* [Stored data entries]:

----

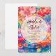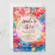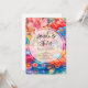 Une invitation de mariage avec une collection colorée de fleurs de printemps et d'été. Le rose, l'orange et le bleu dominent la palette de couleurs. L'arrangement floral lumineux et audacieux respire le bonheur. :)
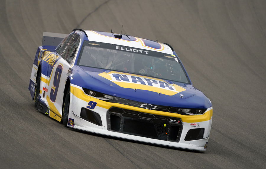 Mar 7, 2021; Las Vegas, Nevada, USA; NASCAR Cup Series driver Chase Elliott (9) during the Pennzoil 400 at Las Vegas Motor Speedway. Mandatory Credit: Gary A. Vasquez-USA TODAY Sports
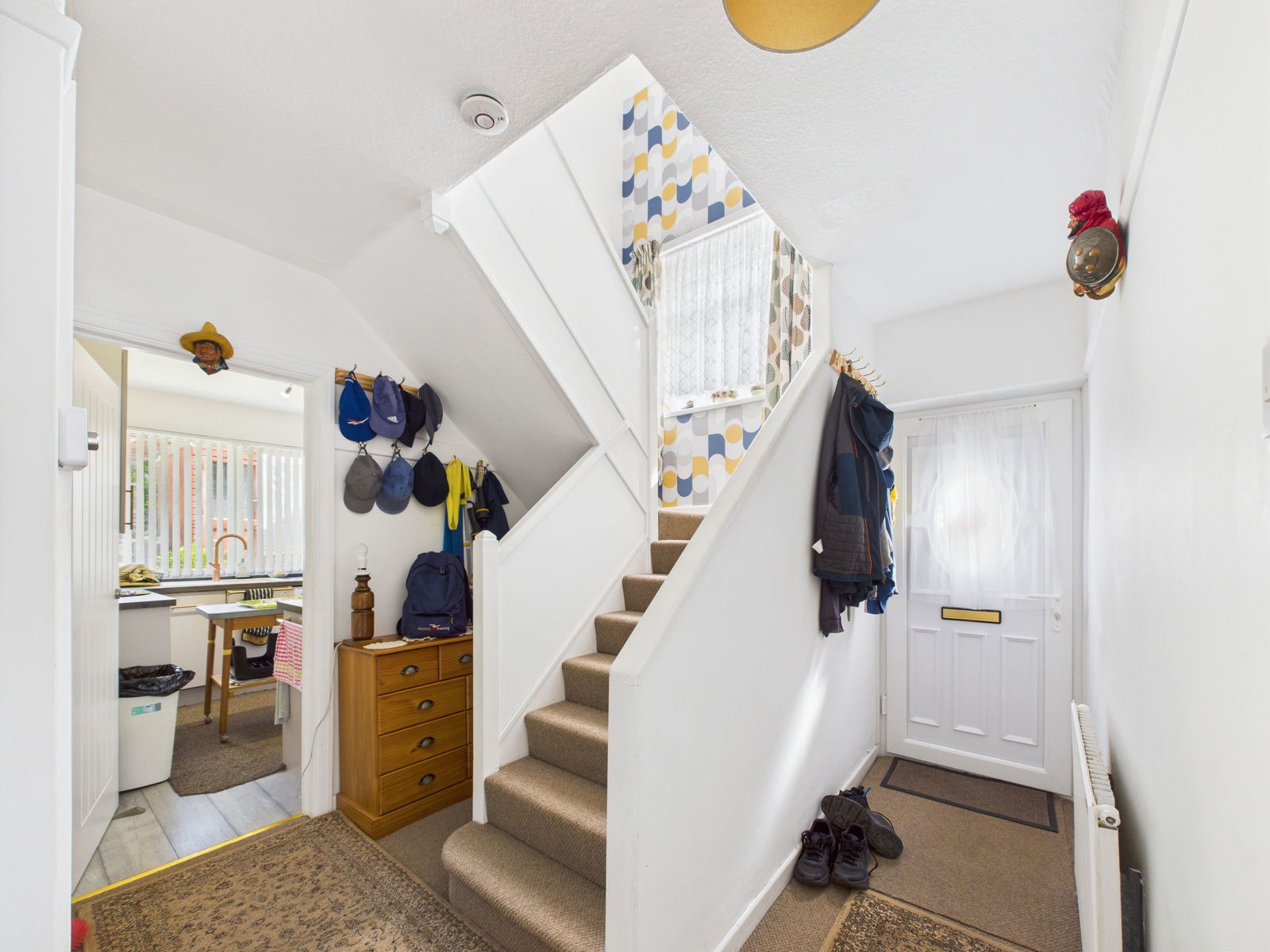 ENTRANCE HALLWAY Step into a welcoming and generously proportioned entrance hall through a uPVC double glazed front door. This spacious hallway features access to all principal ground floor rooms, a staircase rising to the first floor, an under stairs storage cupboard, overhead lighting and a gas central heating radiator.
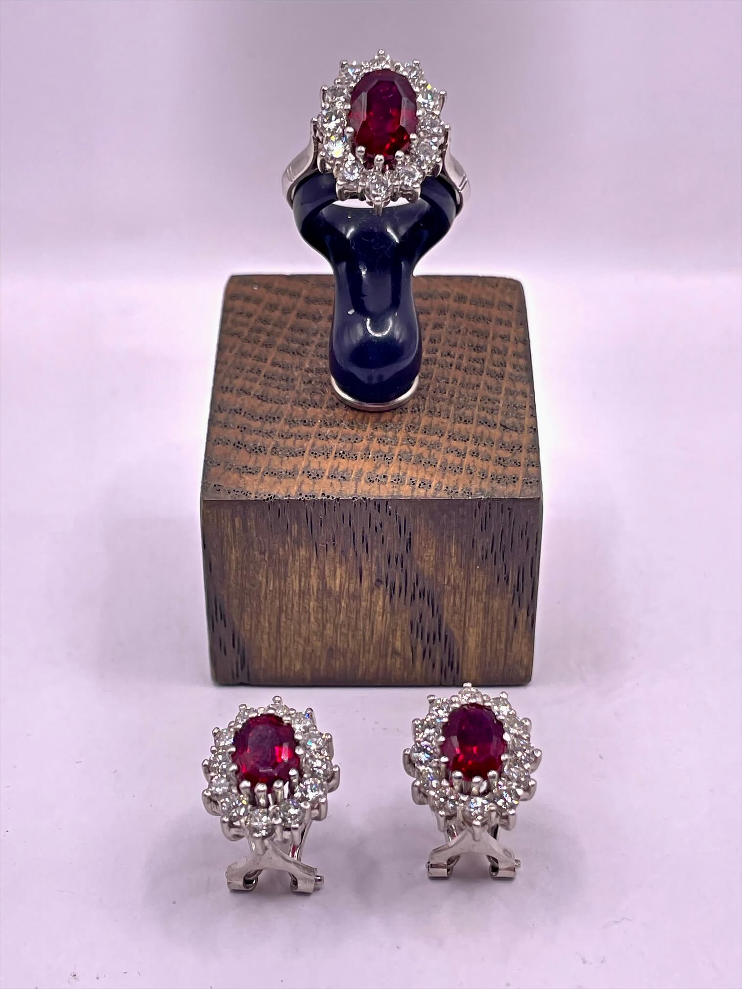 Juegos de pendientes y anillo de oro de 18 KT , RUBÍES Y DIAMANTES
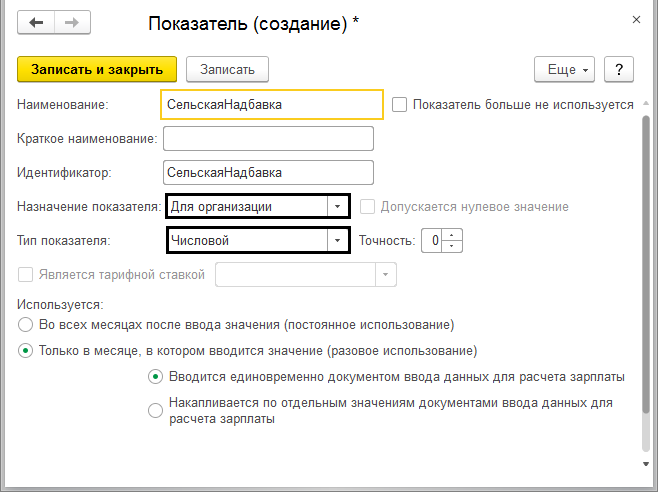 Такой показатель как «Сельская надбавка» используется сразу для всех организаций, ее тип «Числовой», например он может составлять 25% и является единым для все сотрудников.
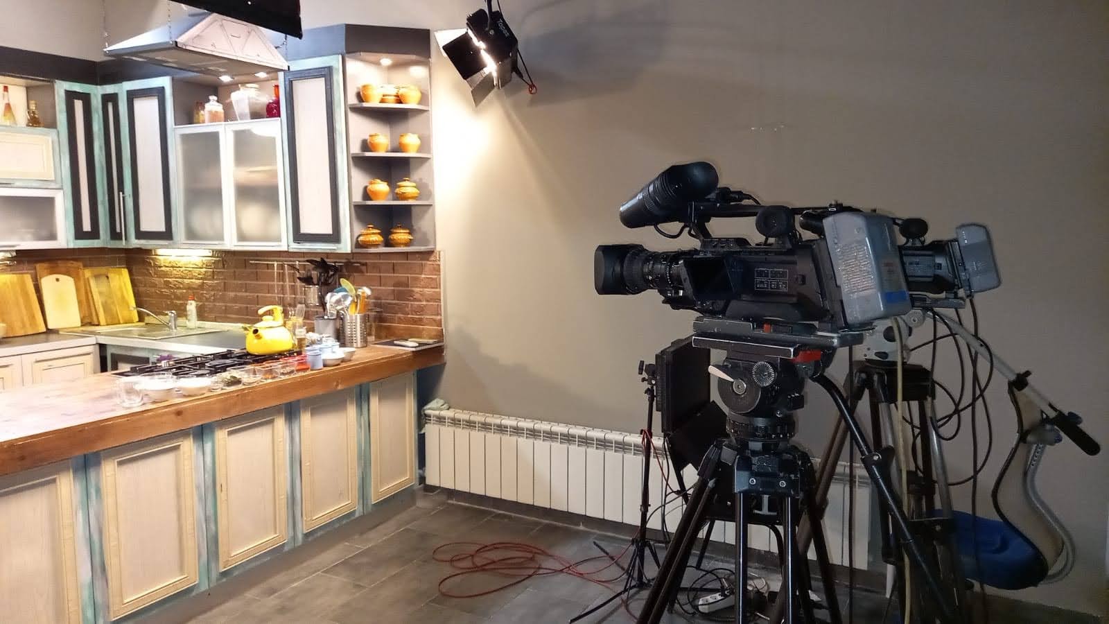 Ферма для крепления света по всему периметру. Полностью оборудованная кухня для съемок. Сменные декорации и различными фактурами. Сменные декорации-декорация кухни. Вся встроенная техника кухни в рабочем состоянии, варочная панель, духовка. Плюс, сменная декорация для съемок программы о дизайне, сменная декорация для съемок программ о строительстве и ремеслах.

----

* [What the exercise asks]: Return verbatim every line from the one holding "Такой показатель как" to the end of the records above. Do not copy the pictures.

* [Result]:
 Такой показатель как «Сельская надбавка» используется сразу для всех организаций, ее тип «Числовой», например он может составлять 25% и является единым для все сотрудников.
 Ферма для крепления света по всему периметру. Полностью оборудованная кухня для съемок. Сменные декорации и различными фактурами. Сменные декорации-декорация кухни. Вся встроенная техника кухни в рабочем состоянии, варочная панель, духовка. Плюс, сменная декорация для съемок программы о дизайне, сменная декорация для съемок программ о строительстве и ремеслах.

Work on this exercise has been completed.